*** SUPPLIED INFORMATION ***

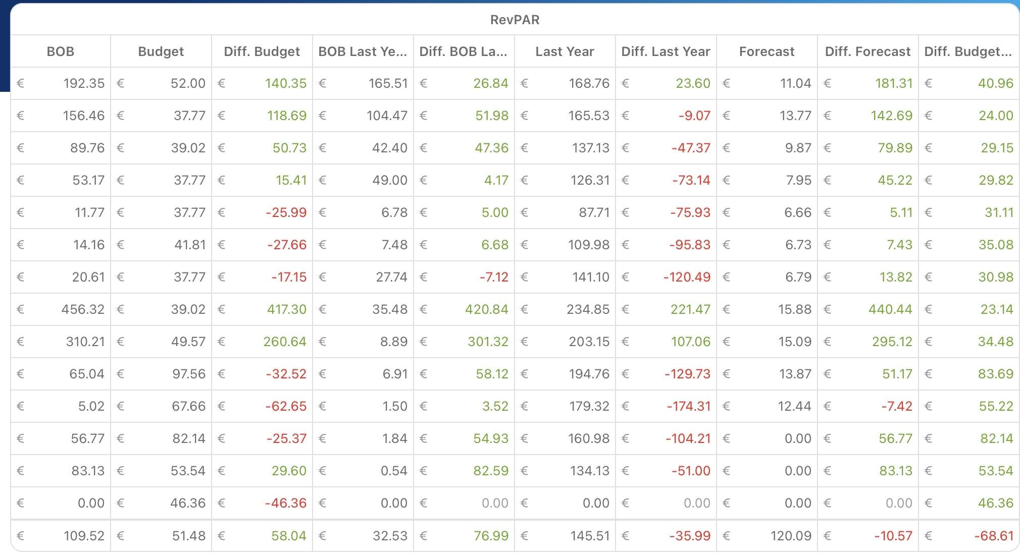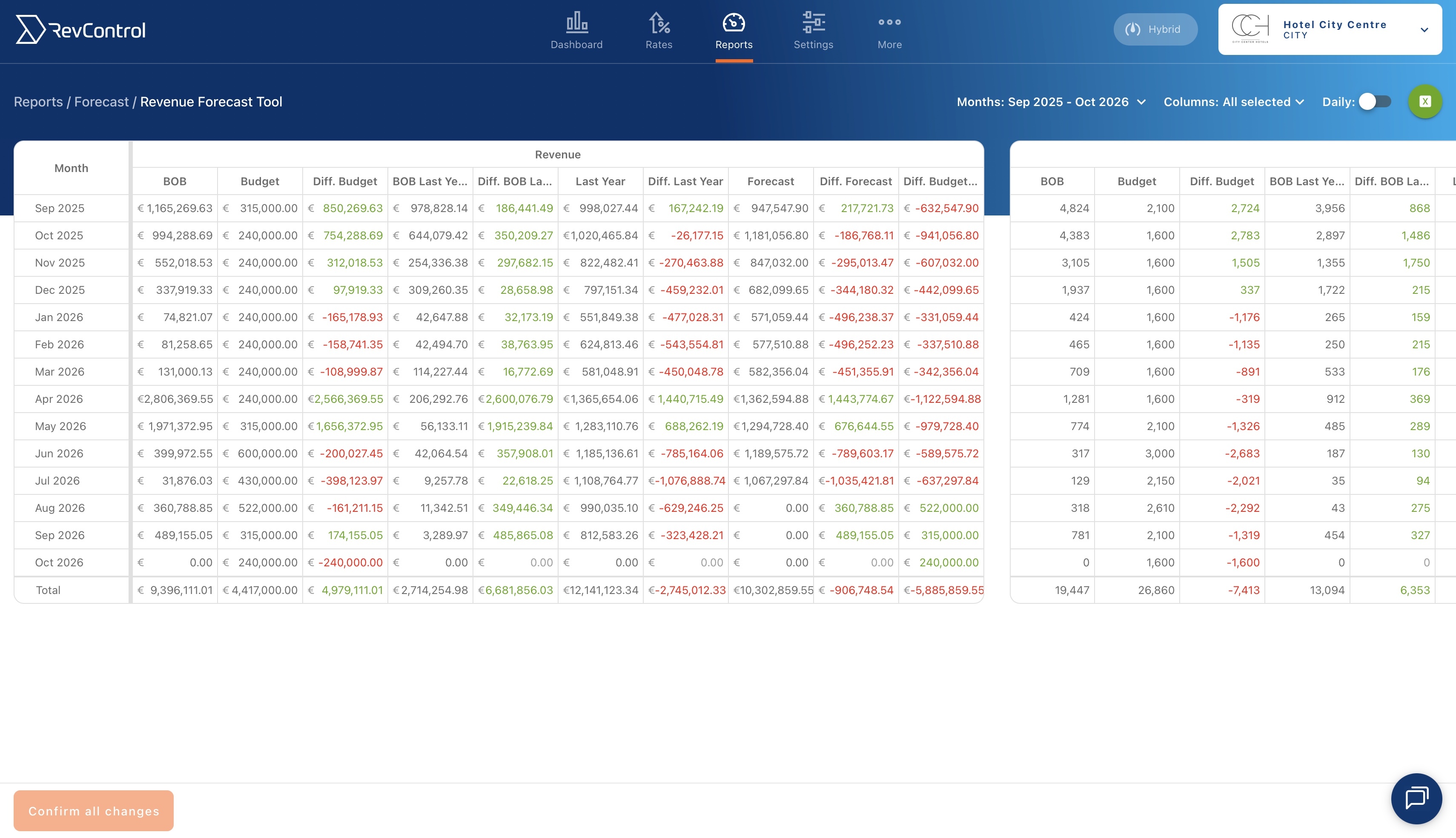 Das Revenue Forecast Tool wurde entwickelt, um Ihre Forecast-Einblicke übersichtlich und flexibel darzustellen. Sie können ganz einfach wichtige KPI’s vergleichen, wie Revenue, Room Nights, ADR und RevPAR. Mit der Funktion Columns bestimmen Sie selbst, welche Daten angezeigt werden, sodass der Report immer genau Ihren Bedürfnissen entspricht. Über den Schalter oben rechts wählen Sie, ob Sie die Ergebnisse pro Tag oder pro Monat anzeigen möchten. Selbstverständlich lässt sich der Report auch problemlos nach Excel exportieren, um die Daten weiterzugeben oder weiter zu verarbeiten.
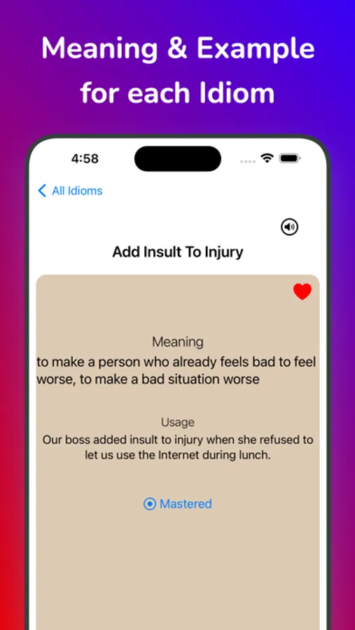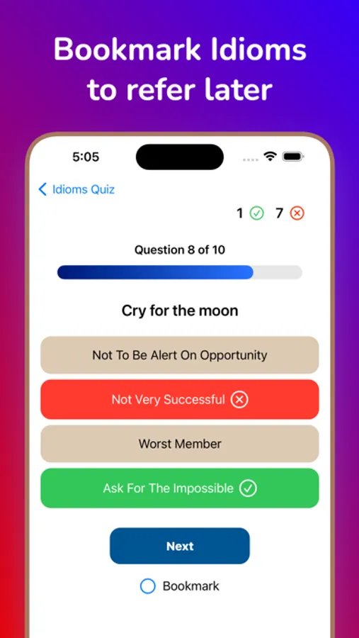 Bookmark important Idioms and Phrases and access them easily. This App is an offline App Internet is not required to use this App.
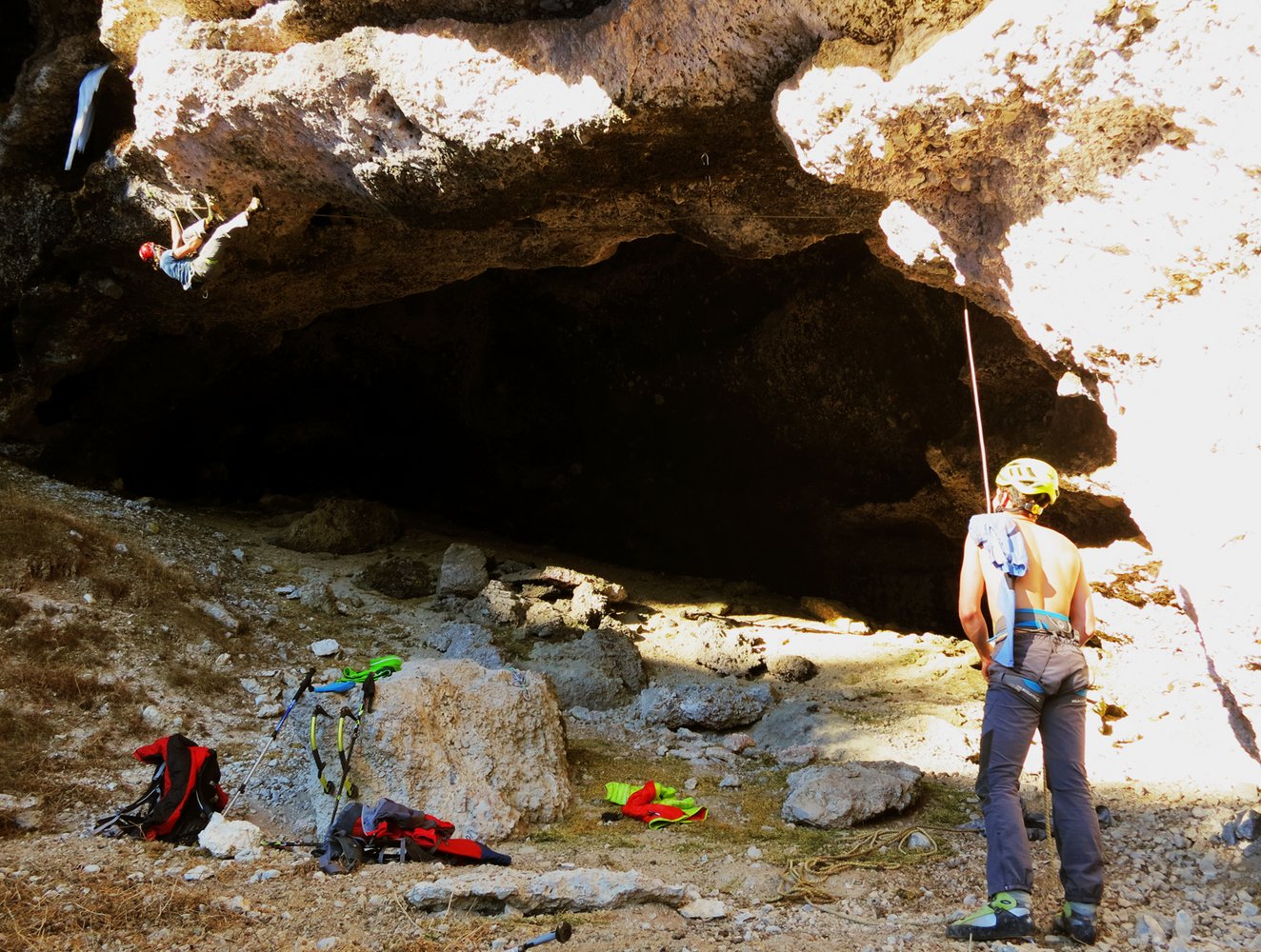 Bald darauf bließ der Föhn zum Angriff und Benny Purner und ich zogen uns in unsere Mixed- und Drytoolhöhlen zurück. Dabei fiel uns eine bereits über Jahre vergessene Route im Dryland ein. Ein altes Projekt von Hannes Mair wartete immer noch wie im Dornröschenschlaf auf die erste Begehung. Nach einigen Stunden des Ausboulderns, Umbohrens bzw. Erweiterns der Route konnten Benny und ich die Route punkten. Sie zeichnet sich durch ihre besondere Athletik aus, ähnlich wie beim Wettkampf gibt es wenig Rastpunkte in dem 15 Meter überhängenden Dach und das Thema figure of four ist immer wieder angesagt um weiter zu kommen. Wir fanden, dass "Figure 443" doch etwas mehr an Ausdauer und Willen fordert als die anderen "schweren" Routen im Dryland - also gaben wir ihr den Grad M13.

*** End of SUPPLIED INFORMATION ***

From the first line to the last, repeat the data above exactly and leave the pictures out.

 Das Revenue Forecast Tool wurde entwickelt, um Ihre Forecast-Einblicke übersichtlich und flexibel darzustellen. Sie können ganz einfach wichtige KPI’s vergleichen, wie Revenue, Room Nights, ADR und RevPAR. Mit der Funktion Columns bestimmen Sie selbst, welche Daten angezeigt werden, sodass der Report immer genau Ihren Bedürfnissen entspricht. Über den Schalter oben rechts wählen Sie, ob Sie die Ergebnisse pro Tag oder pro Monat anzeigen möchten. Selbstverständlich lässt sich der Report auch problemlos nach Excel exportieren, um die Daten weiterzugeben oder weiter zu verarbeiten.
 Bookmark important Idioms and Phrases and access them easily. This App is an offline App Internet is not required to use this App.
 Bald darauf bließ der Föhn zum Angriff und Benny Purner und ich zogen uns in unsere Mixed- und Drytoolhöhlen zurück. Dabei fiel uns eine bereits über Jahre vergessene Route im Dryland ein. Ein altes Projekt von Hannes Mair wartete immer noch wie im Dornröschenschlaf auf die erste Begehung. Nach einigen Stunden des Ausboulderns, Umbohrens bzw. Erweiterns der Route konnten Benny und ich die Route punkten. Sie zeichnet sich durch ihre besondere Athletik aus, ähnlich wie beim Wettkampf gibt es wenig Rastpunkte in dem 15 Meter überhängenden Dach und das Thema figure of four ist immer wieder angesagt um weiter zu kommen. Wir fanden, dass "Figure 443" doch etwas mehr an Ausdauer und Willen fordert als die anderen "schweren" Routen im Dryland - also gaben wir ihr den Grad M13.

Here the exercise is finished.